In Turkey, Massive Graft Probe Targets Government Allies

Massive Graft Probe Targets Government Allies

By Humeyra Pamuk and Ece Toksabay

ANKARA/ISTANBUL, Dec 18 (Reuters) - Five senior Turkish police officers have been sacked a day after scores of people close to government were detained in an anti-corruption crackdown, local media said on Wednesday, in an apparent power struggle shaking the country's ruling elite.

Scores of people including three ministers' sons, prominent businessmen close to Prime Minister Tayyip Erdogan and local government officials were detained on Tuesday in the biggest corruption investigation since Erdogan swept to power in 2002.

It threatens the authority of a man who has dominated Turkey for more than a decade, as well as the reputation of his AK Party, months before important local elections. It was widely seen in media as symptom of a power struggle with a U.S.-based preacher who commands influence in party, police and judiciary.

The heads of five departments in the Istanbul police force, including its financial crimes, organized crime and smuggling units, were removed from their posts and swiftly replaced following the detentions, Turkish newspapers said.

In a brief statement the police said it had reassigned some staff, in some cases due to alleged misconduct and others "out of administrative necessity", but gave no further details.

"If this is an effort to obstruct the healthy enforcement of the investigation, of course it would not be right," Finance Minister Mehmet Simsek told reporters in Ankara, when asked about the issue, but said he could not confirm the changes.

Turkey, a NATO member, commands a strategically sensitive position bestriding Europe and the Middle East. Under Erdogan it had achieved a great deal of economic and political stability, though the past year as seen unprecedented protests against what some see as an authoritarian style of government.

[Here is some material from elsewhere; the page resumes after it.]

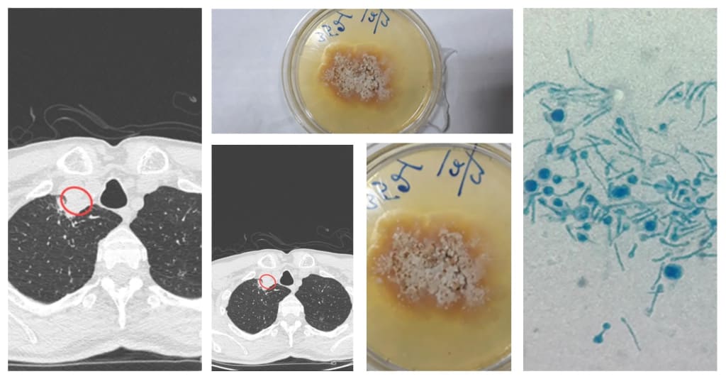 The patient was successfully treated with medication, anti-fungal therapy, and surgical drainage of the pus, which was later tested by the World Health Organization collaborating center in northern India. After a two-month course of anti-fungal medications, the man was diagnosed with Chondrostereum purpureum, a plant fungus responsible for silver leaf disease in plants.

The corruption investigation dominated newspaper headlines, with many commentators linking it to a deepening rift between Erdogan and the U.S.-based preacher Fethullah Gulen.

Pro-government newspapers accused Gulen's followers of running a smear campaign against the AK Party ahead of March local elections, due to be followed a few months later by a presidential race in which Erdogan is expected to run.

"The black propaganda escalates," the daily Star newspaper said on its front page. "Somebody has pushed the button on the eve of the municipality elections."

KEY ADVISERS MEET

Erdogan assembled key advisers, including two deputy prime ministers and his interior and justice ministers, for an unscheduled meeting in Ankara, AK Party officials said, but declined to comment on what was discussed.

In its first official comment since Tuesday's detentions, the Istanbul prosecutor's office said it was conducting three separate investigations and that two additional prosecutors had been appointed to assist.

It said the latest actions were part of long-standing investigations, two of which started in September 2012 and the third in February this year.

HEART OF THE RULING PARTY

Erdogan and Gulen both draw support from religiously minded, conservative Turks but there have long been ideological differences which have bubbled increasingly to the surface.

Erdogan has infuriated Gulen supporters with plans in recent weeks to abolish private "prep" schools, many of which are run by their Hizmet (Service) movement and which provide both funding and new followers.

Gulen could not challenge Erdogan at the polls and has shown no intention of forming a party, but their battle for influence could shape Turkish policy for years to come.

Many of Gulen's followers see him as a more progressive and pro-Western influence than Erdogan, whose opinions on issues from abortion to alcohol consumption and concentration of power around himself they view with increasingly alarm.

"This does mark a battle for the heart and mind of the party, and for the likely policy orientation," said Timothy Ash, head of emerging markets research at Standard Bank.

Gulen runs a network of schools and other social facilities across the Middle East, Asia and Africa from a compound in the United States. He moved to the United States in 1999 after being charged with attempting to undermine the secular state.

He was later acquitted but has remained in Pennsylvania, an enigmatic figure who gives little hint of his intentions in Turkish politics.

Erdogan has built his own body of wealthy loyalists, largely from the same religiously minded professional class that reveres Gulen, since he came to power in 2002.